## TASK REQUIREMENTS
Retype, word for word, the line holding "同社は『リクルートエージェン" and every line below it to the end of the listing. Leave out the pictures.

## DATA PROVIDED
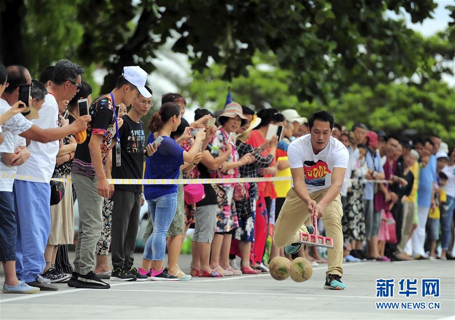 4月16日,在海南三亚,一名选手参加传统体育竞技赶“猪”赛跑。新华社发(沙晓峰 摄)
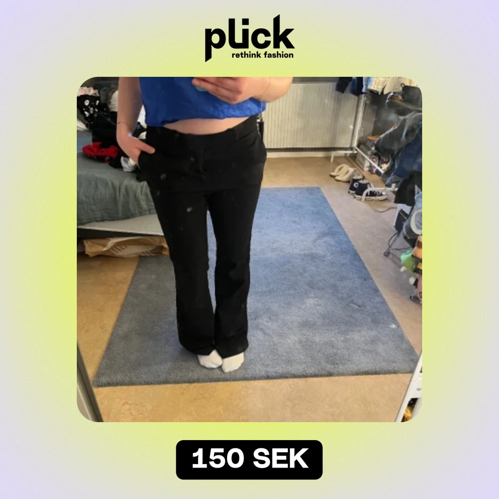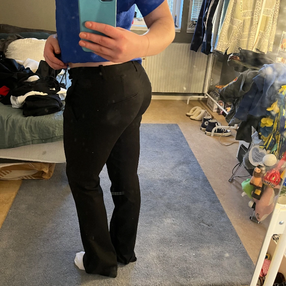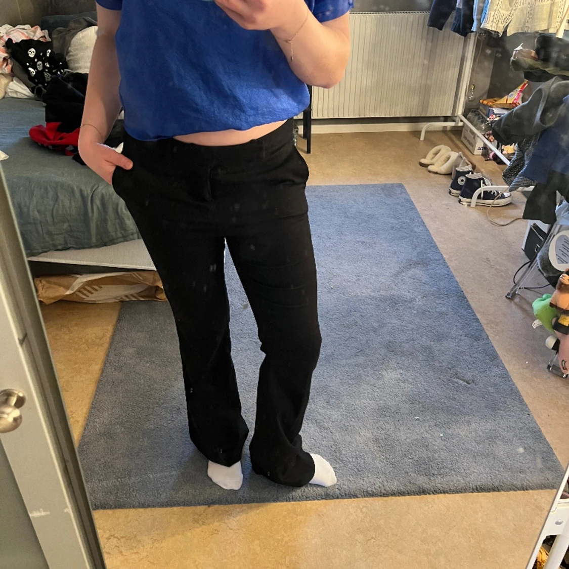 Svarta lågmidjade Bootcut kostymbyxor från Lindex, använda men i bra skick💓💓strlk 38 men skulle säga 36
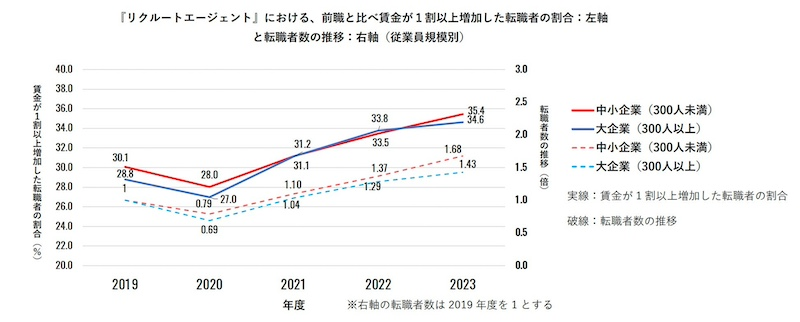 同社は『リクルートエージェント』のデータを分析した結果、2023年度の中小企業への転職者数は、2019年度の1.68倍と、大企業(1.43倍)の増加率を上回ったことを報告。さらに、中小企業への転職で1割以上賃金が増えた転職者の割合の推移は、2019年度の30.1%から、2023年度の35.4%まで上昇。直近では大企業と比べて賃金が増えた転職者の割合が高くなったという。
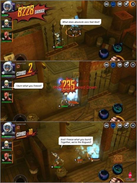 Và chuyện gì sẽ xảy ra nếu như bạn thêm The Flash vào đội hình đã có sẵn Captain Cold và Heat Wave? Hiển nhiên các nhân vật này giờ đang ở cùng một chiến tuyến chống lại kẻ địch, The Flash cũng được dịp khuyên nhủ hai kẻ thù chính tuyến của mình: “Tại sao các người không sử dụng sức mạnh của mình vào việc tốt ? Hai người xứng đáng được nhiều hơn như thế này”. Captain Cold nhanh chóng đáp lại: “Rời bỏ the Rogues và nhận một công việc văn phòng ? Đúng là phí hoài một cuộc đời anh bạn The Flash ạ”

## ANSWER FOR THIS EXERCISE
 同社は『リクルートエージェント』のデータを分析した結果、2023年度の中小企業への転職者数は、2019年度の1.68倍と、大企業(1.43倍)の増加率を上回ったことを報告。さらに、中小企業への転職で1割以上賃金が増えた転職者の割合の推移は、2019年度の30.1%から、2023年度の35.4%まで上昇。直近では大企業と比べて賃金が増えた転職者の割合が高くなったという。
 Và chuyện gì sẽ xảy ra nếu như bạn thêm The Flash vào đội hình đã có sẵn Captain Cold và Heat Wave? Hiển nhiên các nhân vật này giờ đang ở cùng một chiến tuyến chống lại kẻ địch, The Flash cũng được dịp khuyên nhủ hai kẻ thù chính tuyến của mình: “Tại sao các người không sử dụng sức mạnh của mình vào việc tốt ? Hai người xứng đáng được nhiều hơn như thế này”. Captain Cold nhanh chóng đáp lại: “Rời bỏ the Rogues và nhận một công việc văn phòng ? Đúng là phí hoài một cuộc đời anh bạn The Flash ạ”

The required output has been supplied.